One of the things that I am really enjoying about The Space Pirates is that we've got Jack May in as General Hermack. May is often familiar for playing Simms the butler in Adam Adamant Lives!, a series that I've got a lot of love for (indeed, I watched an episode a few months ago during The Tenth Planet to see Patrick Troughton's last acting work before becoming the Doctor. How fitting that May should then turn up in Doctor Who so close to Troughton's departure!), and it's great to see him here. I also didn't realise until today that May was also the voice of Igor in Count Duckula, a series that I was only praising a few weeks ago during The Invasion! It's a small world, British telly, innit?

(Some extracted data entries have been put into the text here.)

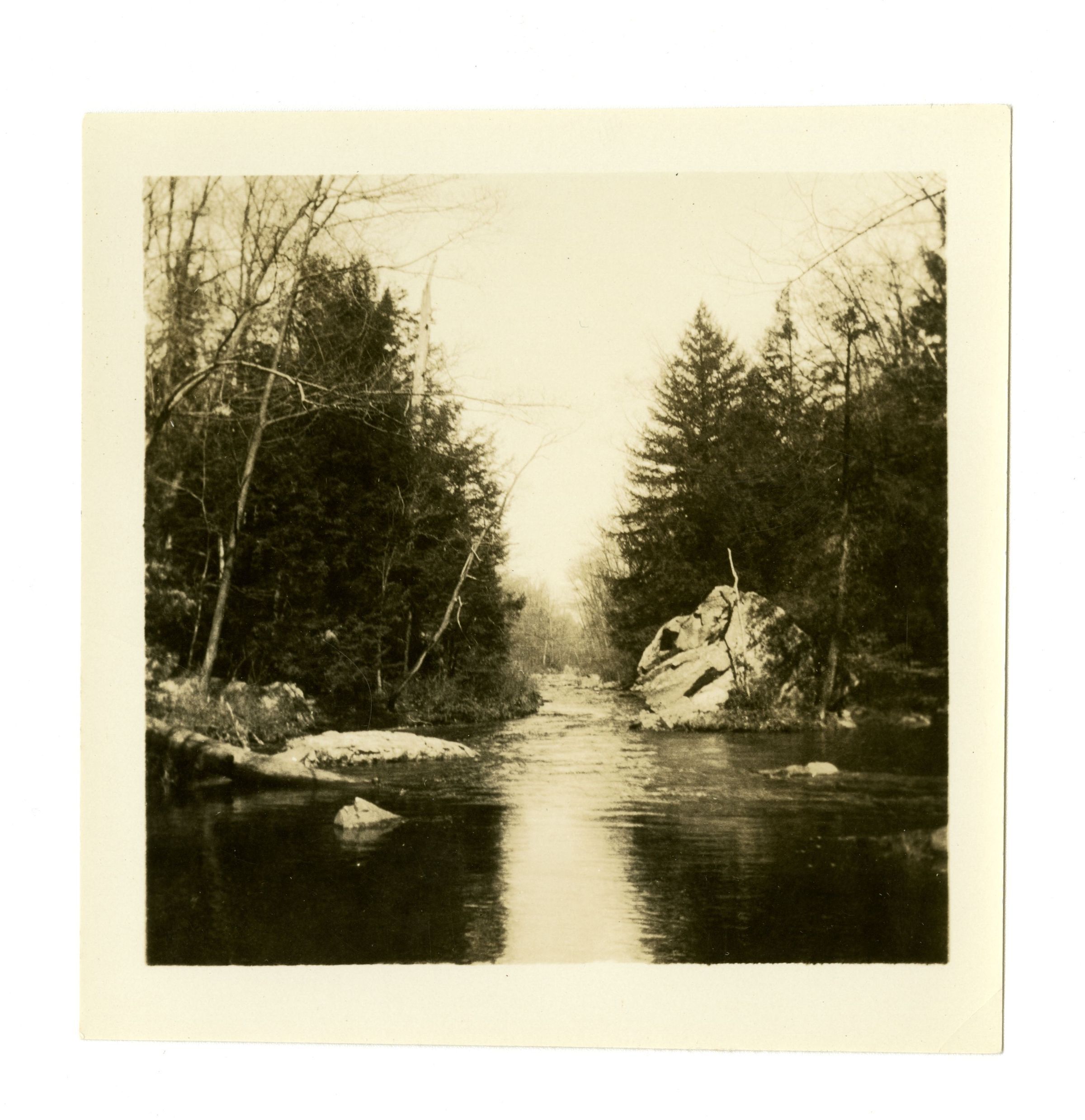 A tree-lined stream with large rocks on either bank.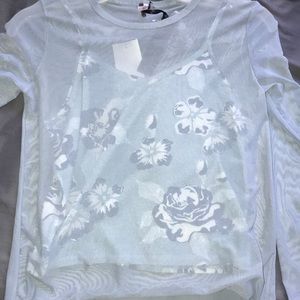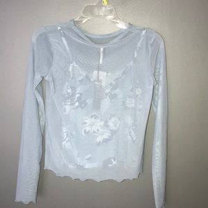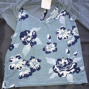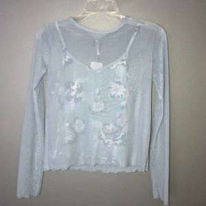 This blue mesh long sleeved top has an under floral tank top😍😍. So cute a stylish. Never worn. NWTS!!!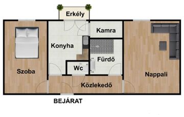 -48nm-es lakás(konyha, nappali, 1 lakószoba, fürdőszoba, kamra és egy különálló wc)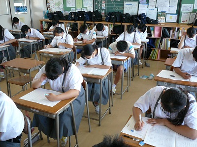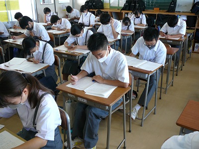 今日は、朝、修学旅行の荷物の搬出がありました。その後3年生は、修学旅行前の最大の関門である【第2回実力テスト】に挑みました。どの生徒も真剣そのもの、受験生の気迫を感じました。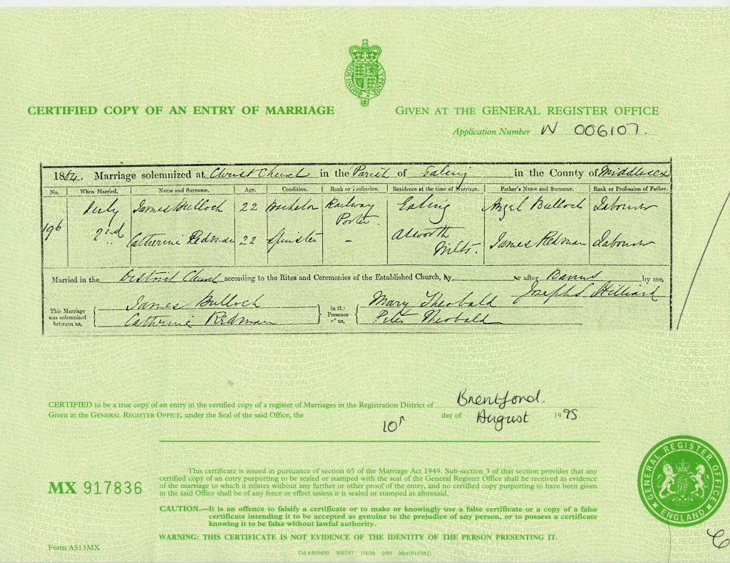 James Bullock had been born in Compton Bassett, Wiltshire, in 1841. As a young man, he had made up his mind that he wanted a different life from his father, Angel Bullock. He was ready to leave home and find adventure, working on the railway rather than on the land. His railway employment records state that he entered service at the age of 22, just before his marriage in 1864. With his new job as a porter at Ealing station, James and his sweetheart, Catherine, probably accompanied by little Hannah, started their married life, away from their rural roots. Ealing, with its easy access into central London, had grown from a small village to a popular suburb following the arrival of the Great Western Railway in the 1830s, which linked Bristol to London.

And I think that's one of the key things about this marathon for me. For man years, my interest in archive television only really stretched as far as Doctor Who. I'd make the occasional excursion into Green Acres, but in terms of British television, it was all about the TARDIS. When I watched an old episode of Doctor Who then, for the most part, the actors were only familiar to me from that story, and nothing else. In some ways, I rather liked that. I quite enjoyed the fact that all of the Doctors were simply the Doctor, for example. I didn't know them as anyone else (though it blew my mind when I realised that Partrick Troughton was the priest in The Omen).

Over the last few years, though, my tastes have changed and I've taken quite a liking to lots of archive telly. I'd say at least half of my shelf is made up of series made before the 1970s. It's meant that as we've gone along, there have been plenty of instances of people turning up in the series that I know better from somewhere else, and I've really enjoyed that. It's not simply confined to the actors, either. Verity Lambert was producer of the previously mentioned Adam Adamant Lives!. Sydney Newman was the creator of The Avengers. Many of the writers have turned up across a great many of these different programmes, and it's been fun to watch their style crop up in all these different formats.

In a little under two weeks, I'll be exploding into colour with Spearhead From Space, and moving onto the 1970s. It's an era of British TV than I'm far less familiar with. Of all the titles on my shelves only three were made in the 1970s - Whodunnit (hosted from Season Two by Jon Pertwee, so there is still at least one connection!), the 1970s volume of Coronation Street, and the Morcambe and Wise box set. I'm hoping to use the marathon as a chance to explore other television as I go along (though I'll probably not be keeping much of a track about it in this blog - you're here to read about my journey through Doctor Who, after all!), but I am going to miss being in an era which I have such a strong love for. It's been an interesting experience, and it's helped to make the marathon all the richer.